Aëtius arrived in the spring of 426 at Arles that was besieged by Theodoric. It seems that the Goths fled when they became aware of Aetius's army. No mention of a battle is made in the surviving sources. Nevertheless, some historians assume that near the city has been fought and the Goths were undermining here. The result of Aetius's arrival is undisputed, the Goths were forced to retreat to Aquitaine.

== Aftermath ==
With the defeat against Aetius, the uprising came to an end. This was followed by peace talks in which the previously concluded treaty with the Romans was renewed, exchanging hostages back and forth. The later emperor Avitus was one of those hostages who stayed at the court of Theodoric. Here he met his sons and taught them.

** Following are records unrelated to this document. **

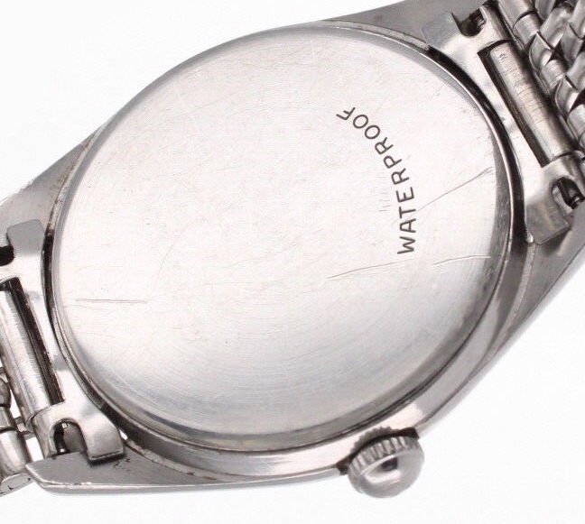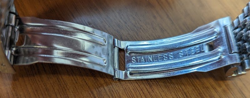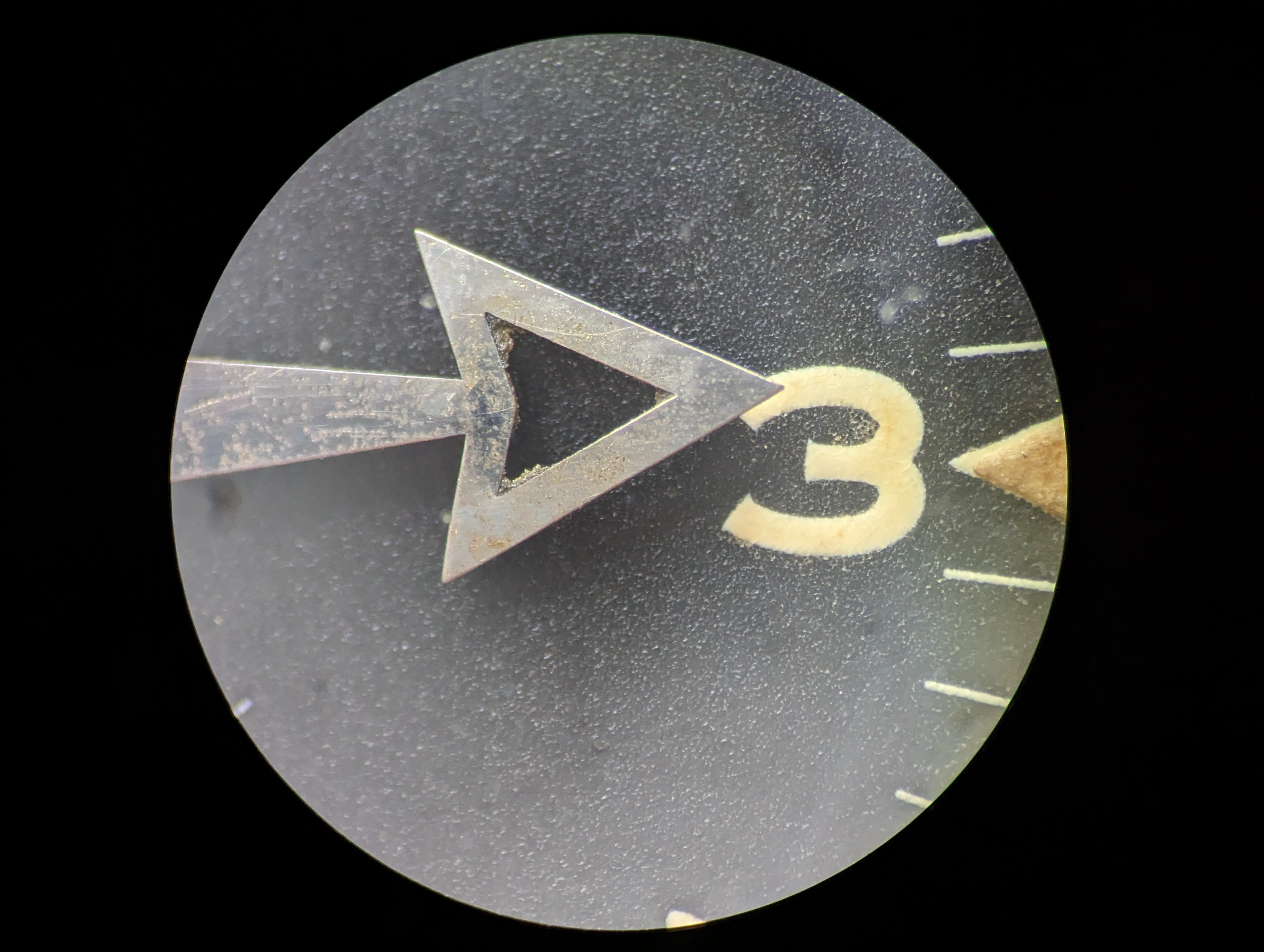 There are two obvious issues about the condition, the missing lume in the hands, and the damage to the luminous paint on the hour indices (9 through 12). I think the previous owner had a start at trying to remove it, and then thought better of it. The hands bother me less since they could be visually fixed and I don't mind having less radium, to be honest. I would prefer the hour indices to be undamaged, but I got a good deal, no? I also think the bracelet is fake, but the listing didn't exactly lie about that: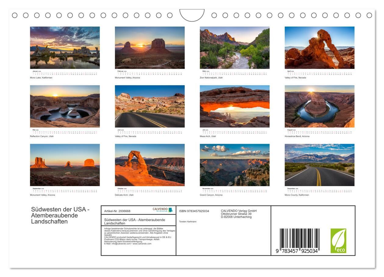 Der Südwesten der USA hat unzählige einzigartige Naturwunder und Landschaften zu bieten. In diesem Kalender präsentiert Torsten Hartmann einige seiner schönsten Motive von zahlreichen Foto-Reisen in den Südwesten der USA.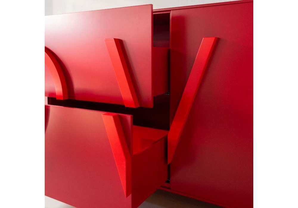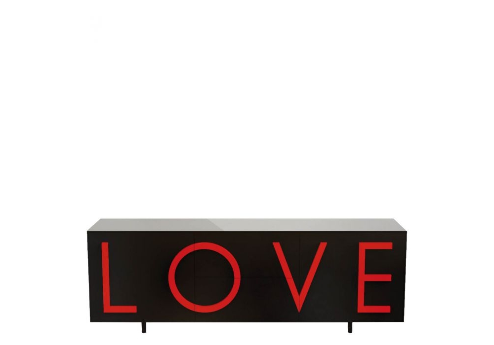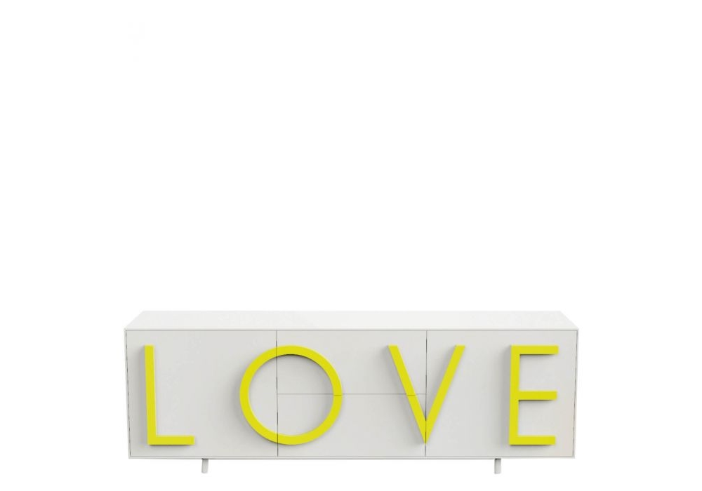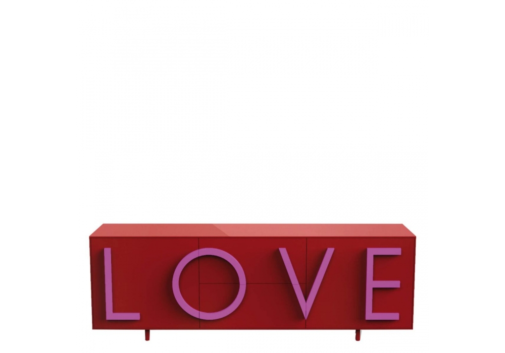Love diseñado por Fabio Novembre para Driade es un aparador con dos puertas laterales batientes y balda interna móvil, con dos cajones centrales de extracción total. Estructura fabricada en MDF lacado exterior e interiormente. Letra LOVE en relieve con función de asa realizada en MDF lacado fácilmente recambiable, personalizando así el envase. Pies cilíndricos regulables de 3,5 cm de diámetro. y altura 10 cm. del mismo color que la estructura. Disponible en versión mediana o grande. Solo para uso interno.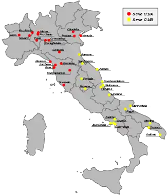 Geographical distribution of 2006-07 Serie C1 teams. Serie C1/A teams are depicted with red dots, whereas Serie C1/B ones were represented with yellow.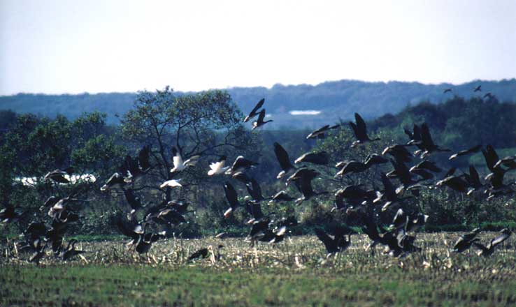 で100羽にも満たない数でした。周辺の状況は、餌となるトウモロコシ畑がまだ未収穫で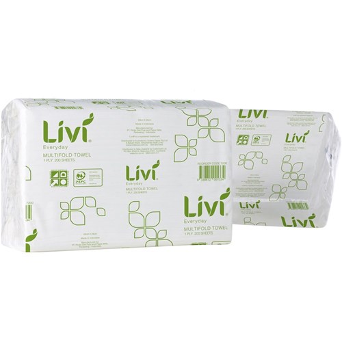 Livi Everyday Hand Towel Multifold 1 Ply 200 Sheets Box Of 20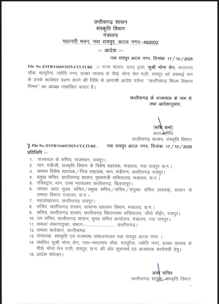 शासन द्वारा शुक्रवार, 17 अक्टूबर 2025 को जारी आदेश में कहा गया है कि मोना सेन अपने कार्यभार ग्रहण करने की तिथि से आगामी आदेश तक निगम का दायित्व संभालेंगी। आदेश संस्कृति विभाग की अपर सचिव रुचि शर्मा ने राज्यपाल के नाम से जारी किया है।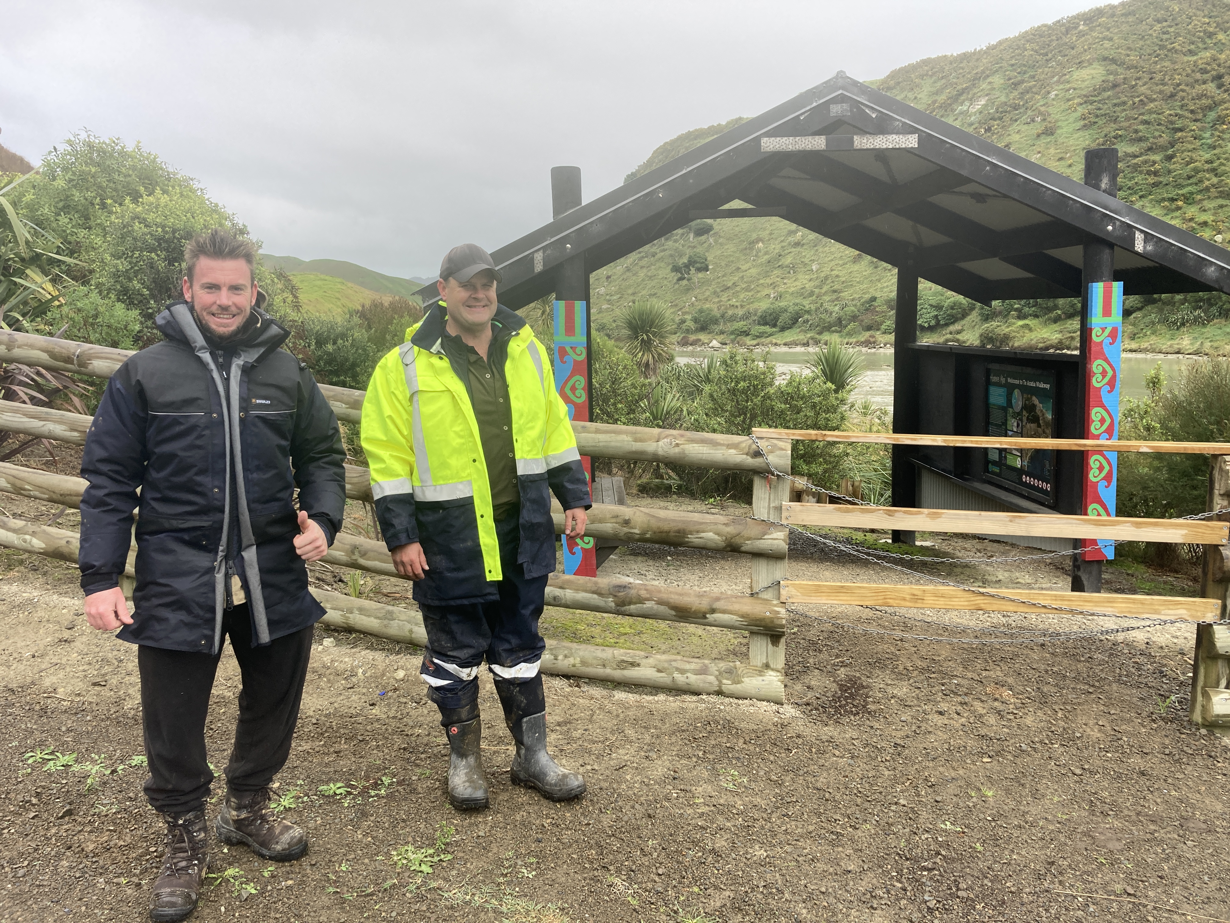 On the 26th of May 2022, Rod Dickson and Steeve Smith from the HBRC Open Space team came to Mahia to have a look at the Whangawehi project. A big thank you for their visit. Despite the terrible weather, they managed to have a good overview of the work completed so far and the challenges caused by the storms.

With Aetius as Gallic prefect and from 429 as magister militum per Gallias, peace seems to have returned to southern France. The period after this until 435 passed without great incidents between the Visigoths and Romans. Nevertheless, Theodoric had not given up his quest for more power, because in 430 a Gothic army still marched to Arles to enforce more favorable conditions. This Gothic army was also defeated by Aetius, again not far from Arles. As far as is known, the Visigoths did not performed military duties in the Spanish provinces during this period.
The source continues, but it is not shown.